*** Opening Information supplied ***

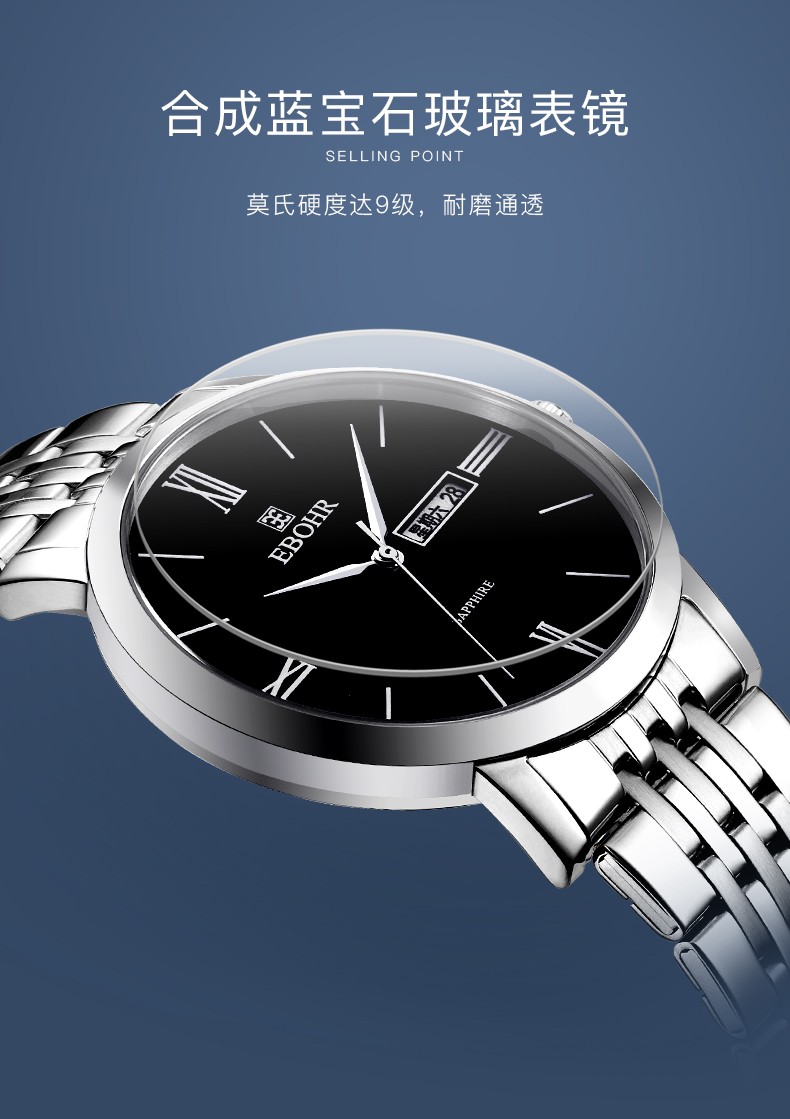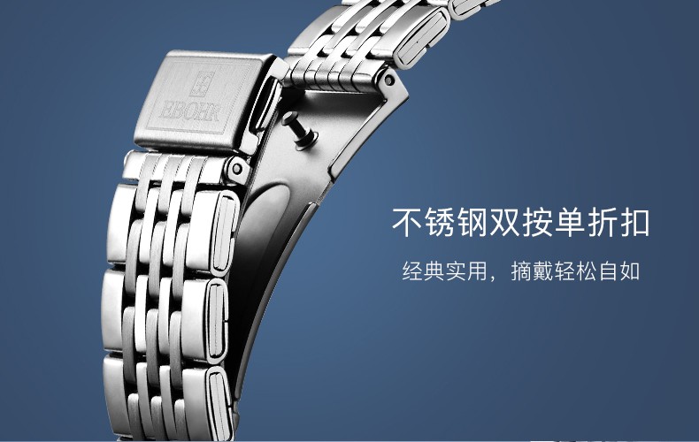 依波(EBOHR)大师系列情侣石英表 经典百搭防水钢带简约时尚男女士手表
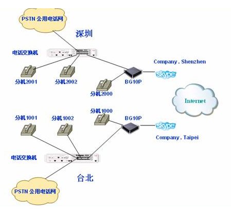 當臺北辦公室的一個員工(分機 1001)想與深圳辦公室的一個員工(分機2001)通話,他(她)撥打1000號分機,臺北側(cè)的ITA將該PSTN呼叫Forward到深圳的Skype(Company.
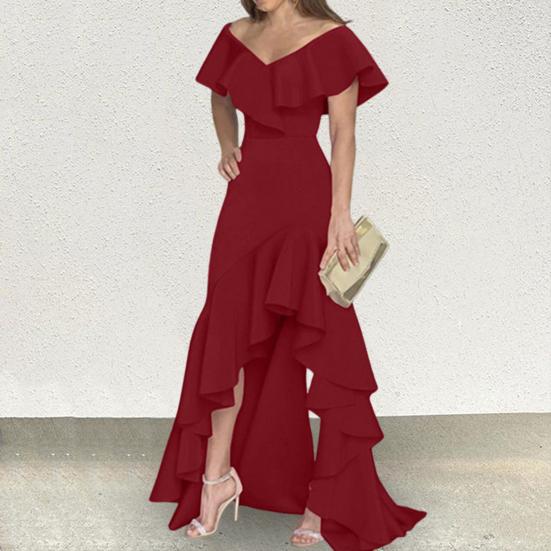 Elevate your style with this stunning Women's V-neck Ruffled Maxi Dress. The unique splicing design accentuates your figure, creating a slimming effect. Featuring a high-low hemline, this dress exudes elegance and charm.
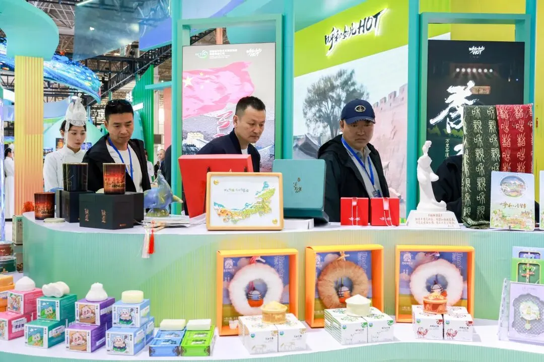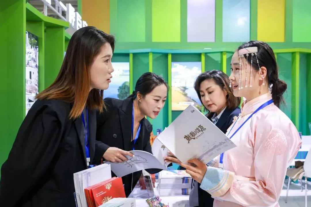 参展商在呼和浩特展区了解文创产品。

*** Closing Information supplied ***

Please repeat, exactly as written, only the lines from the line with "Elevate your style" to the end of the data, leaving out every picture.

§ Completed exercise:
 Elevate your style with this stunning Women's V-neck Ruffled Maxi Dress. The unique splicing design accentuates your figure, creating a slimming effect. Featuring a high-low hemline, this dress exudes elegance and charm.
 参展商在呼和浩特展区了解文创产品。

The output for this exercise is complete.